Le bâtonnier Hoarau poursuivi par la ministre de la justice

Le principe de liberté d’expression des avocats au cœur des débats

26 septembre 2008, par Sophie Périabe

C’est entouré de plusieurs dizaines d’avocats et de bâtonniers que Me Georges André Hoarau pénétrait hier dans la salle d’audience du tribunal correctionnel de Saint-Pierre. Le bâtonnier en exercice au parquet de Saint-Pierre comparaissait pour avoir tenu des propos diffamatoires envers la ministre Rachida Dati lors d’une plaidoirie le 15 mai dernier. Mais au-delà de ces accusations contre le bâtonnier, c’est le principe même de l’immunité des parlementaires et des avocats précisé dans l’article 41 de la loi de 1881 que ce procès remet en cause.

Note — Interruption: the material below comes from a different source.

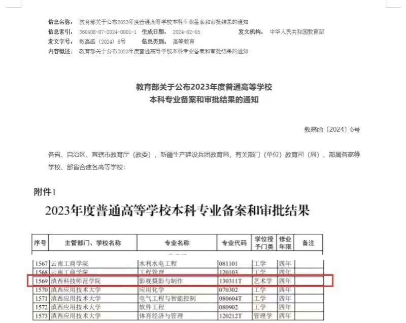教育部日前公布了2023年度普通高等学校本科专业备案和审批结果,根据公布结果,学校“影视摄影与制作”专业成功获批。

De gauche à droite, Me Hoarau, Me isabelle Lauret, bâtonnier de Saint-Pierre, Me Keita et Me Lagourgue.
(photo SP)

C’est dans une salle comble, où la majorité de l’assistance portait des robes noires et un ruban bleu, que s’est ouvert hier le procès de Me Hoarau. Après que le président, Philippe Cavalerie, ait rappelé les faits, l’un des avocats de la défense, Me Djalil Gangate précise d’emblée, « cette affaire n’est pas banale puisque se pose une question sur un principe fondamental, celui de l’exercice des droits de la défense et de la liberté d’expression. Nous ne sommes pas là pour combattre madame Dati, ce n’est pas un règlement de compte, c’est une question de justice ». Plusieurs moyens de nullité de la procédure ont donc été apportés et notamment celui du temps de conjugaison employé par Me Hoarau lors de sa plaidoirie du 15 mai dernier. En effet, selon Me Gangate, le procureur de la République Patrice Cambérou est le seul à utiliser le temps présent alors que Me Haorau avait utilisé le passé : « Un procès qui n’aura jamais lieu, c’est celui de notre grand chef à tous, madame Rachida Dati, qui a utilisé un faux, un MBA » ; d’ailleurs le président d’audience du 15 mai a confirmé les dires de Me Gangate. De plus, Me Hoarau avait repris des propos de la presse nationale qui avait relaté cette affaire en 2007 et personne jusqu’ici n’avait fait l’objet de poursuite. Me Lambert, avocat de la défense, a aussi ajouté que « c’est le procureur Cambérou qui a induit Mme Dati en erreur car il s’est trompé dans le temps ». Mais à côté de ce débat sur le temps de conjugaison utilisé par Me Haorau, c’est bien la liberté d’expression des avocats de la défense qui est en jeu dans ce procès inhabituel.

Atteinte au principe de liberté d’expression des avocats

« Tout avocat est libre. Si les avocats ont des comptes à rendre sur les arguments des plaidoiries, où va-t-on ? Où est la liberté de la défense ? » demande Me Georges André Hoarau. Le procureur de la République a alors invoqué l’article 41 de la loi du 21 juillet 1881 en soulignant que « les propos de l’avocat doivent être rattachés au fait de la cause. En quoi le CV d’un ministre a-t-il quelque chose à voir avec un délinquant soupçonné d’escroquerie aux prestations sociales ? On ne parle pas de la même chose » s’est insurgé le procureur Camberou. Pour les avocats de la défense, la phrase en question a été prononcée dans une démonstration juridique, « comment déclarer que cette phrase est étrangère au fait de la cause ? ». Successivement, les avocats Me Gangate et Me Lambert des barreaux réunionnais, et Me Lagourgue, (désigné par le Conseil national des barreaux) et Me Keita (pour la Conférence nationale des bâtonniers), se sont attelés pour démontrer que ce procès portait atteinte à un principe fondamental de liberté d’expression de la défense. « La profession s’est battue pour ce principe » a insisté Me Lagourgue, « et aujourd’hui, nous sommes terriblement attaqués. C’est un moment important car c’est la liberté de l’avocat qui est en train de se jouer » a ajouté Me Keita à la sortie de l’audience. Pour Me Boniface, « ces poursuites sont grotesques et il était important que les avocats se mobilisent pour défendre ce principe ». Enfin, Me Hoarau a salué la « plaidoirie remarquable » de ces avocats car « c’est une affaire qui touche la profession d’avocat et ce dernier doit continuer à dire ce qu’il a à dire. Si on coupe la parole aux avocats, à qui doit-on la laisser ? » demande t-il. Le procureur a requis une amende de 5.000 euros à l’encontre de Me Hoarau ; le délibéré, très attendu, sera rendu le 3 octobre prochain.